Thank you for the pull request, @jjhembd!

✅ We can confirm we have a CLA on file for you.

[jjhembd]

This evoluteScale used to be computed in single precision on the shader, in the nearestPointOnEllipse function in convertUvToEllipsoid.glsl. It is the difference of two very similar values, so it is safer to compute it in double precision on the CPU to avoid subtractive cancellation.

[ggetz]

Where does the 0.02 come from? Should this be configurable, or at least declared as a constant?

[ggetz]

I know this was existing code that was just moved to this file in this PR, but would it be possible to better explain what these magic numbers are in a comment?

[jjhembd]

I haven't been able to trace where this hash function came from. It is similar to one of the functions in a popular shadertoy example, but most uses that I have seen use a different value for the hashscale. See for example the hash12 function in this gist.
I added a link to the shadertoy in a comment.

[ggetz]

Are you able to address this TODO?

[ggetz]

Is there a relevant replacement spec for the Jacobian approach? (It's OK if there's not.)

[jjhembd]

No, all step size math has been moved to the shader.

[ggetz]

@jjhembd I'm seeing some artifacts in the center of the screen when zoomed out for both box and cyllinder types, but not ellipsoid:

Box:

Cyllinder:

They seem to flicker, even when the camera is not moving. Maybe some kind of z-fighting?

[jjhembd]

@jjhembd I'm seeing some artifacts in the center of the screen when zoomed out for both box and cyllinder types, but not ellipsoid:

This should be fixed. Let me know if it works on your end now!

[ggetz]

Thanks @jjhembd, the cylinder is looking good.

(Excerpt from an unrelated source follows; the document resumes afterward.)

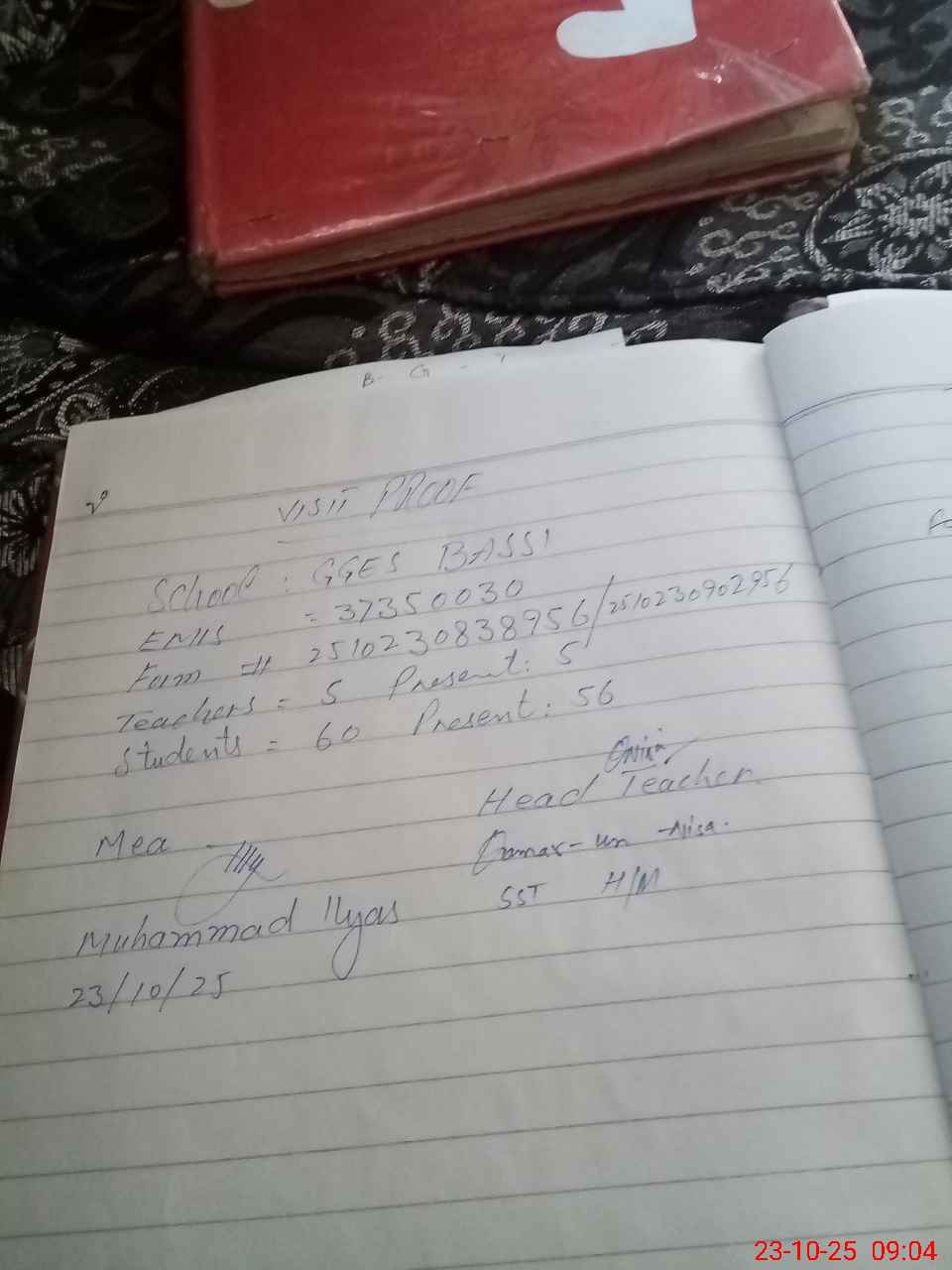 | Attendance Register | Head Teacher | MEA with School | Visit Proof |

However, I still seem to see some artifacts with the box shape. They persist despite adjust the step size in the voxel inspector, but do change appearance when the value is changed.

[jjhembd]

Thanks @jjhembd, the cylinder is looking good.

However, I still seem to see some artifacts with the box shape. They persist despite adjust the step size in the voxel inspector, but do change appearance when the value is changed.

As discussed offline: we're not able to reproduce this artifact on a Windows machine. I've opened #11894 to track the bug.

[ggetz]

Thanks @jjhembd! This should be good to go then.